The configs are made for training, therefore we need to specify MODEL.WEIGHTS to a model from model zoo for evaluation. This command will run the inference and save the results in the local path.

To run on cpu, add MODEL.DEVICE cpu after --opts.
To save outputs to a directory (for images) or a file (for webcam or video), use --output.

Following, we give some visualizations of the model predictions on the demo images.

Gradio Demo for UnSAM with Pre-trained Models (promptable image segmentation)

The following command will pops up a gradio website link in the terminal, on which users can interact with our model. Please download UnSAM/UnSAM+'s checkpoints from the model zoo.

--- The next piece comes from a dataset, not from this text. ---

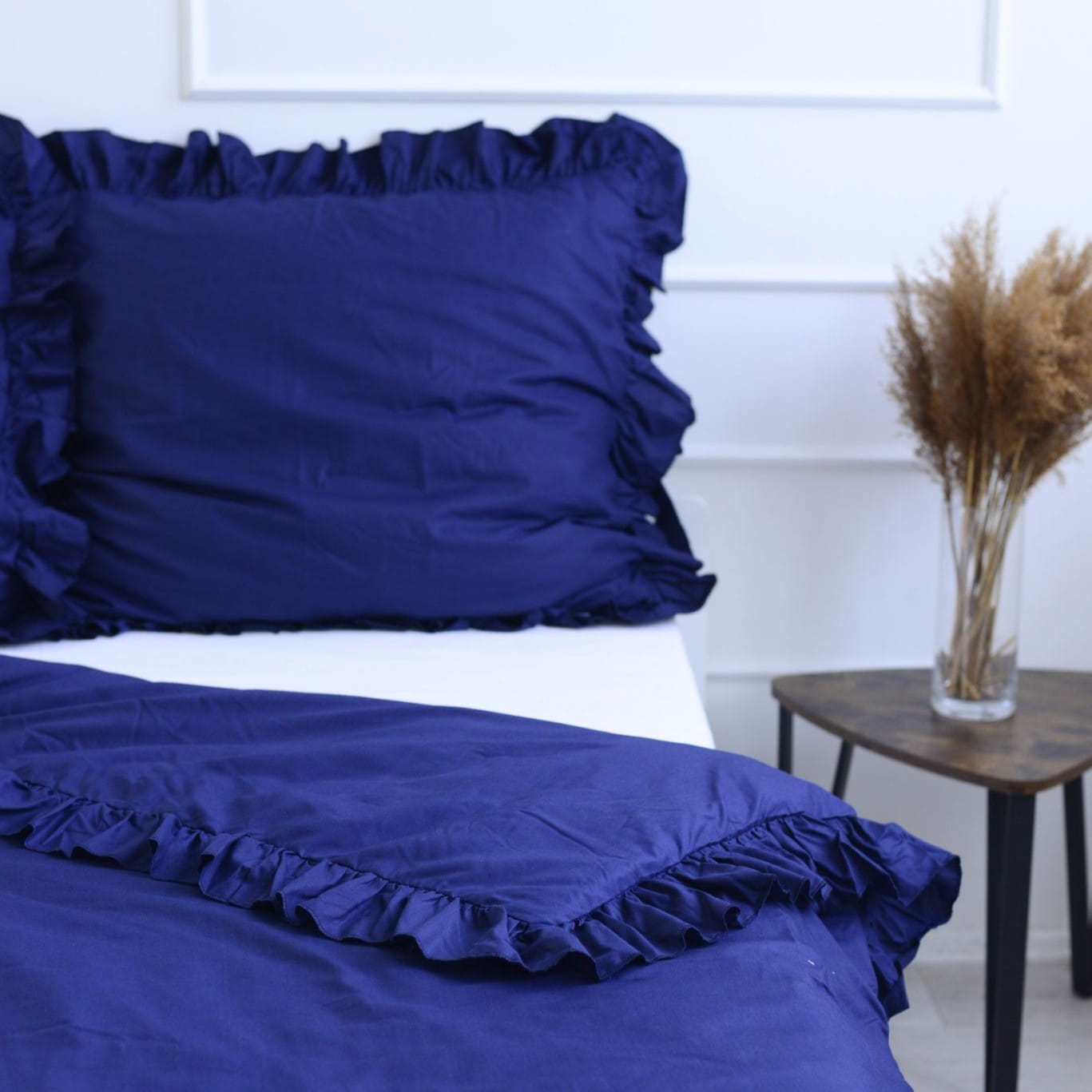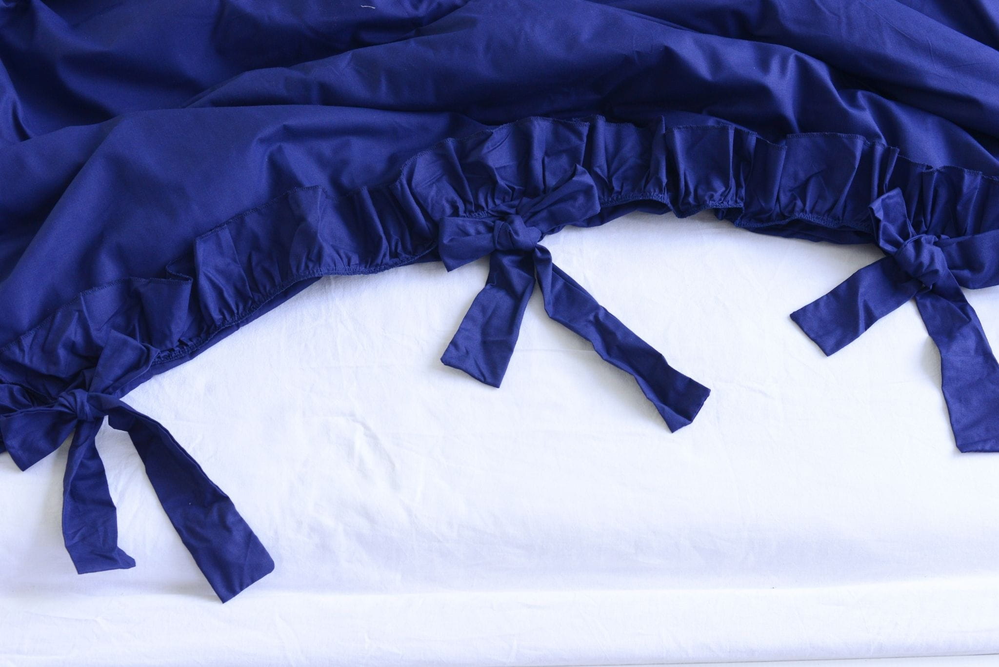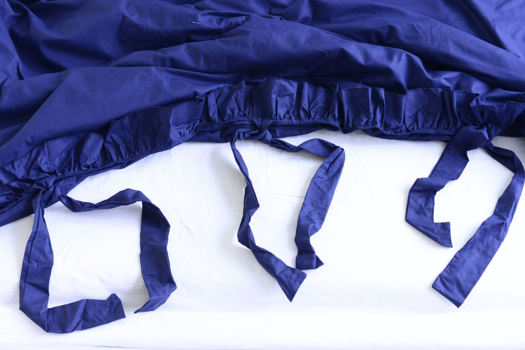 Pościel bawełniana z falbanką - granatowa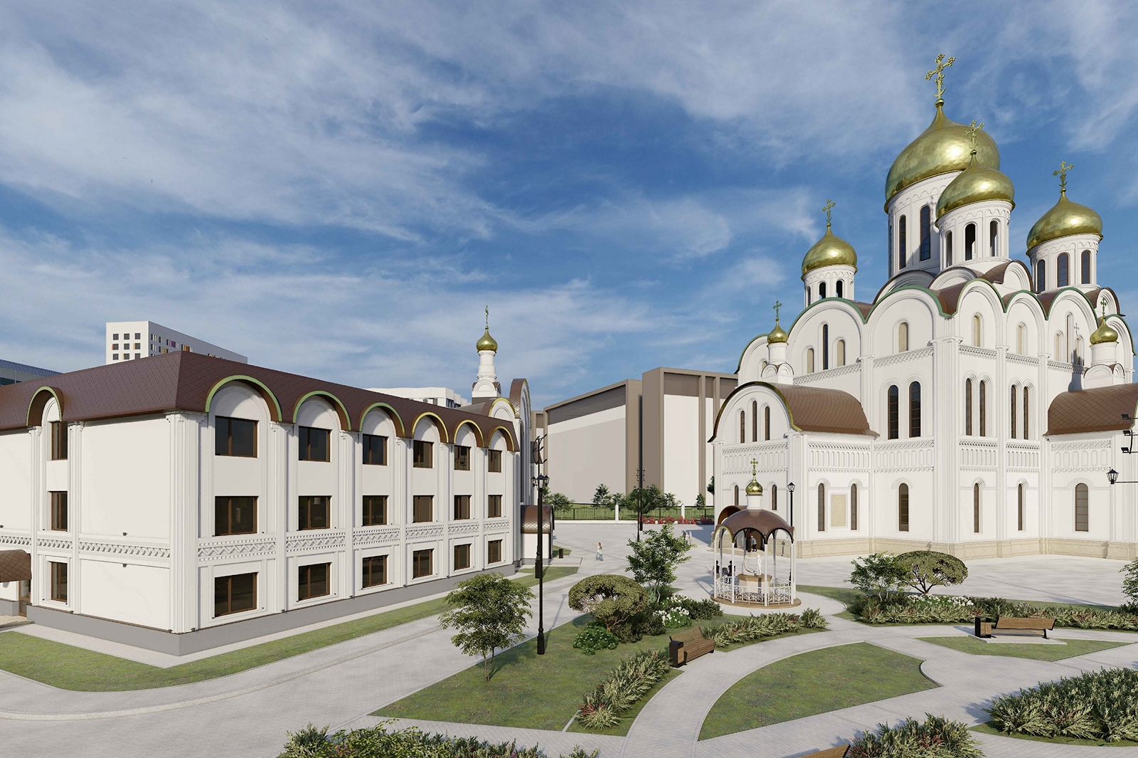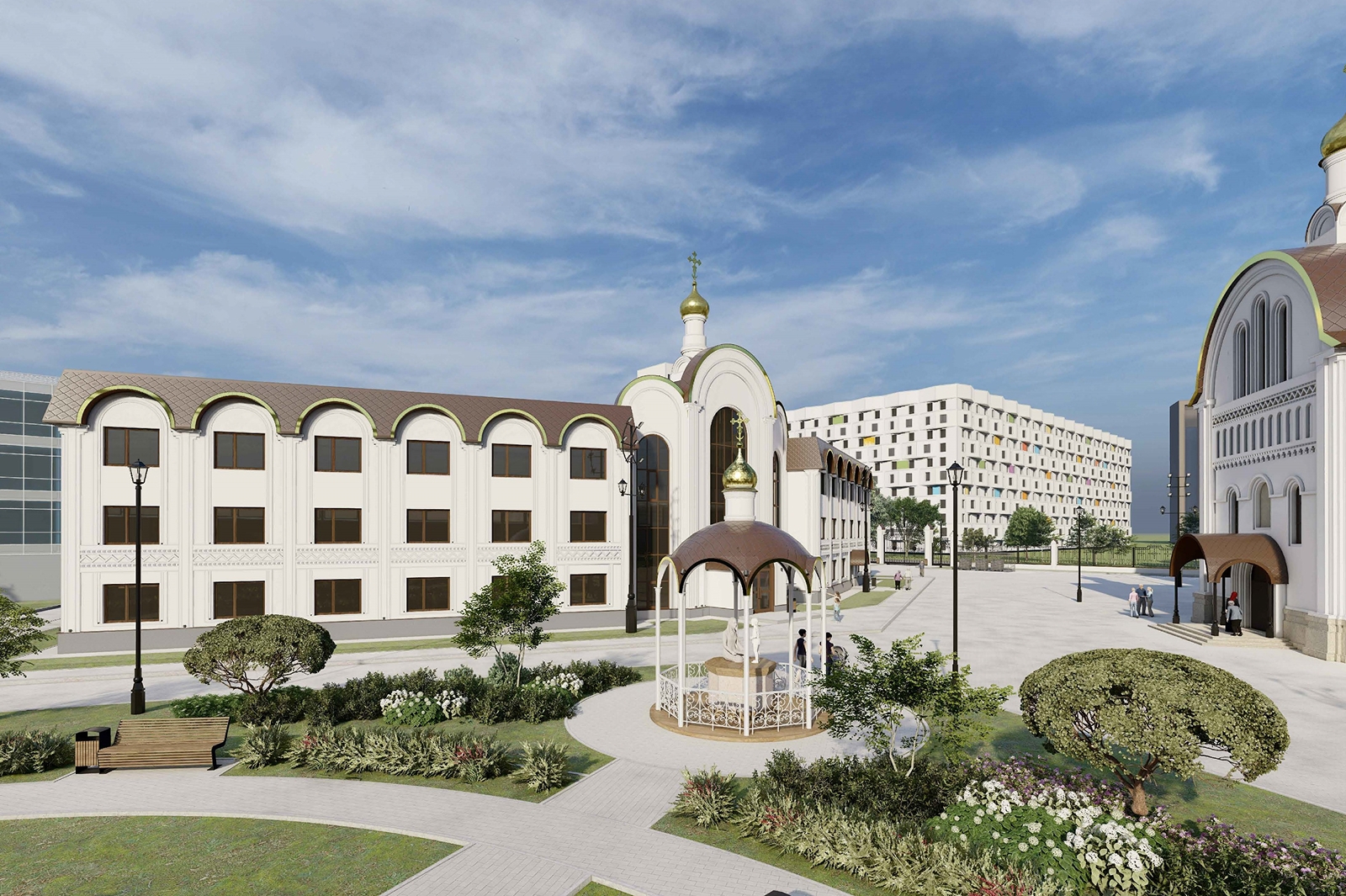 Цветовое решение фасадов выполнят в рамках общей концепции архитектурного ансамбля храмового комплекса:

For details of the command line arguments, see demo_promptable.py -h or look at its source code to understand its behavior.

To run on cpu, add cpu after --device.

python demo_promptable.py \
    --ckpt /path/to/UnSAM_checkpoint \
    --conf_files configs/semantic_sam_only_sa-1b_swinT.yaml \
    --device gpu

Following, we give some visualizations of the model predictions on the demo images.

Model Evaluation

To evaluate a model's performance on 7 different datasets, please refer to datasets/README.md for instructions on preparing the datasets. Next, select a model from the model zoo, specify the "model_weights", "config_file" and the path to "DETECTRON2_DATASETS" in tools/eval.sh, then run the script.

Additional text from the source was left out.